Accordingly, references in this Announcement to Placing Shares
being issued, offered or placed should be read as including any
issue, offering or placement of such shares in the Company to a
Bookrunner or any of their respective Affiliates acting in such
capacity. In addition, a Bookrunner or any of their respective
Affiliates may enter into financing arrangements and swaps with
investors in connection with which such Bookrunner or any of its
Affiliates may from time to time acquire, hold or dispose of such
securities of the Company, including the Placing Shares. Neither
Bookrunner nor any of their respective Affiliates intends to
disclose the extent of any such investment or transactions
otherwise than in accordance with any legal or regulatory
obligation to do so; and
a communication that the Placing or the book is
"covered" (i.e. indicated demand from investors in the book equals
or exceeds the amount of the securities being offered) is not any
indication or assurance that the book will remain covered or that
the Placing and securities will be fully distributed by the
Bookrunners.
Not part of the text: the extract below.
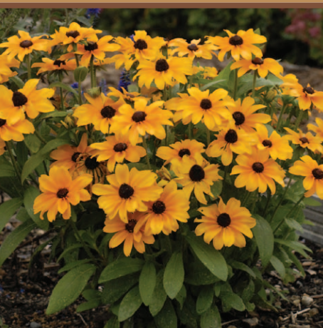
Rudbeckia TIGEREYE™ (Tiger Eye Gold)

Each Bookrunner reserves the right to take up a
portion of the securities in the Placing as a principal position at
any stage at its sole discretion, among other things, to take
account of the Company's objectives, UK MiFID II requirements
and/or its allocation policies.
The foregoing acknowledgements,
confirmations, undertakings, representations, warranties and
agreements are given for the benefit of each of the Company and
each Bookrunner (for their own benefit and, where relevant, the
benefit of their respective Affiliates, Representatives and any
person acting on its or their behalf) and are
irrevocable.
Miscellaneous
The agreement to allot and issue
Placing Shares to Placees (or the persons for whom Placees are
contracting as nominee or agent) free of UK stamp duty and UK stamp
duty reserve tax relates only to their allotment and issue to
Placees, or such persons as they nominate as their agents, direct
from the Company for the Placing Shares in question. Neither the
Company nor either Bookrunner will be responsible for any UK stamp
duty or UK stamp duty reserve tax (including any interest, fines
and penalties relating thereto) arising in relation to the Placing
Shares in any other circumstances.
Such agreement is subject to the
representations, warranties and further terms above and also
assumes, and is based on a warranty from each Placee, that the
Placing Shares are not being acquired in connection with
arrangements to issue depositary receipts or to issue or transfer
the Placing Shares into a clearance service. Neither the Company
nor either Bookrunner is liable to bear any stamp duty or stamp
duty reserve tax or any other similar duties or taxes (including,
without limitation, other stamp, issue, securities, transfer,
registration, capital, or documentary duties or taxes)
("transfer taxes") that
arise: (i) if there are any such arrangements (or if any such
arrangements arise subsequent to the acquisition by Placees of
Placing Shares); (ii) on a sale of Placing Shares; or (iii)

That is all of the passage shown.